Proofs in Physics

Deriving Special Relativity

From two postulates to the Lorentz transformations, time dilation, length contraction, and $E = mc^2$

In 1905, Albert Einstein published "On the Electrodynamics of Moving Bodies," which derived the entire theory of special relativity from just two postulates. What follows is that derivation — every result flows logically from those two starting assumptions and algebra. No differential geometry is needed. This is the relativity you can derive with the math you're learning right now.

1. The Two Postulates

Everything in special relativity follows from exactly two assumptions:

Postulate 1 — The Principle of Relativity
The laws of physics are the same in all inertial (non-accelerating) reference frames.

No experiment performed inside a sealed, smoothly-moving train can tell you whether the train is moving or stationary. There is no "absolute rest" — only relative motion between observers.

Postulate 2 — The Invariance of the Speed of Light
The speed of light in vacuum, $c = 2.998 \times 10^8$ m/s, is the same for all observers, regardless of the motion of the source or the observer.

This is the radical one. In everyday experience, velocities add: if you throw a ball at 20 m/s from a train moving at 30 m/s, a person on the ground sees the ball at 50 m/s. But light doesn't work this way.
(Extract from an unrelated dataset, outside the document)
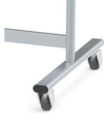
Table mobile sur 4 roulettes pivotantes robustes, dont 2 verrouillables

La surface d'écriture peut être tournée à 360° / peut être verrouillée dans n'importe quelle position.

If you shine a flashlight from that train, the ground observer still measures the light at $c$ — not $c + 30$.

Einstein's genius was accepting this experimentally verified fact (the Michelson-Morley experiment) and asking: if the speed of light is the same for everyone, what else must be true? The answer: space and time themselves must be different for different observers.
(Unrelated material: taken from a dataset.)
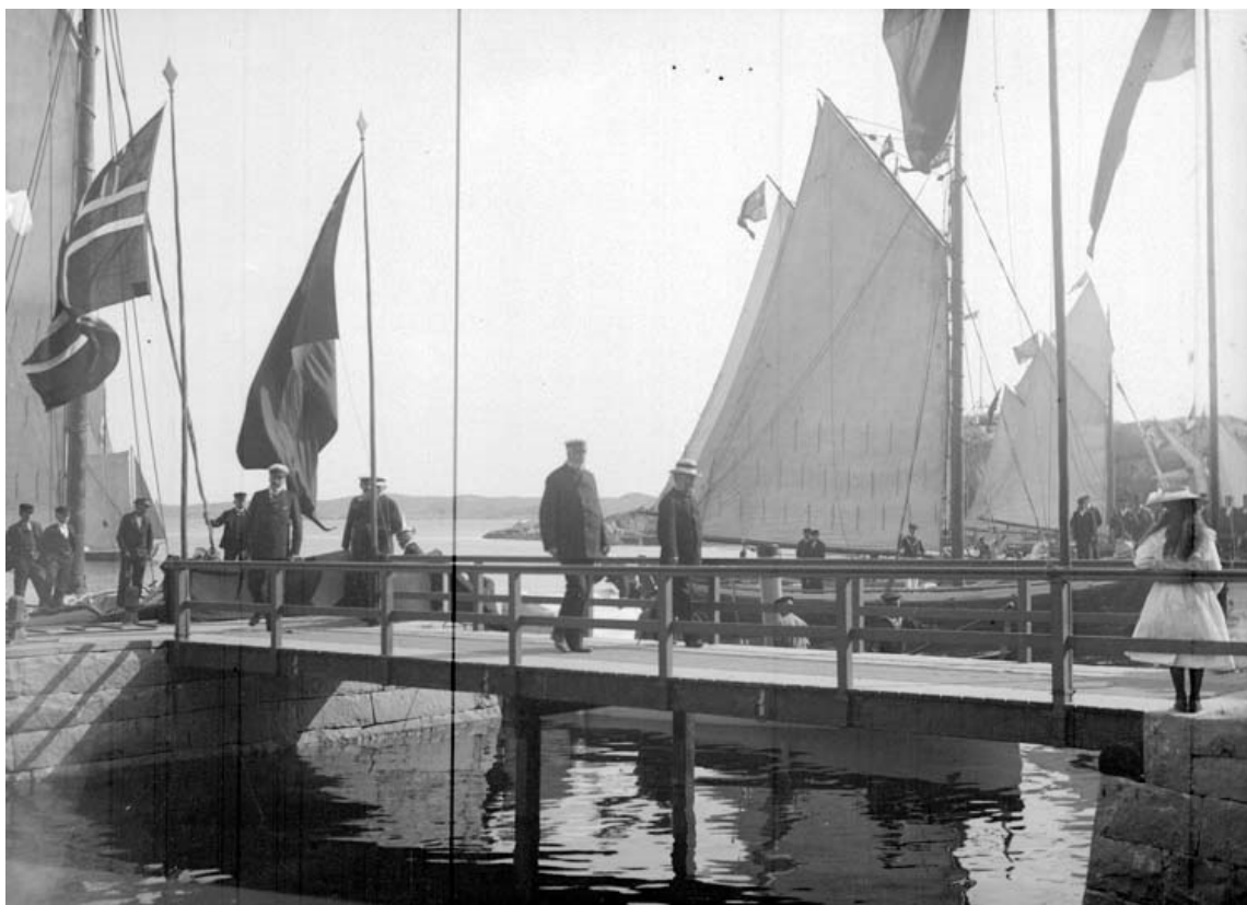
1900 Kung Oscar II landstiger vid Lysekils Havsbad.

2. The Light Clock Thought Experiment

Imagine a "clock" made of two mirrors facing each other, with a pulse of light bouncing between them. Each round trip = one "tick." This is a light clock.

Observer A is riding with the clock. She sees the light go straight up and down. If the mirrors are separated by distance $d$, the time for one tick is:

$$\Delta t_0 = \frac{2d}{c}$$

We call $\Delta t_0$ the proper time — the time measured by the observer at rest relative to the clock.
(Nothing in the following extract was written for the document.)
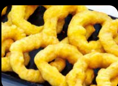
Calamares a la romana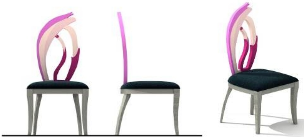
تصميم كرسي مدخل رقم (١٣)

الإلتزام بالقوالب الجامدة وهو ما تميزت به التصميمات المعاصرة فالتصميم أصبح لا يحد من إنطلاقه خامة أو تقنية أو صعوبة الحصول على تأثيرات أو درجات لونية فقد أصبح بفضل الله والثورة التكنولوجية كل شيء متاح .

Observer B is standing on the ground watching the clock fly past at velocity $v$. He sees the light travel a diagonal path — it goes up and to the right, then down and to the right — because the clock is moving horizontally while the light bounces vertically.

The diagonal path is longer than the vertical path. But Postulate 2 says the light still travels at speed $c$. So if the path is longer but the speed is the same, the time must be longer. This is time dilation — and we can derive exactly how much longer using the Pythagorean theorem.

3. Deriving Time Dilation
Step 1 — Set up the geometry

During one half-tick (light goes from bottom mirror to top), Observer B sees the clock move horizontally by $\frac{v \Delta t}{2}$, while the light travels the diagonal distance $\frac{c \Delta t}{2}$, reaching a mirror at height $d$.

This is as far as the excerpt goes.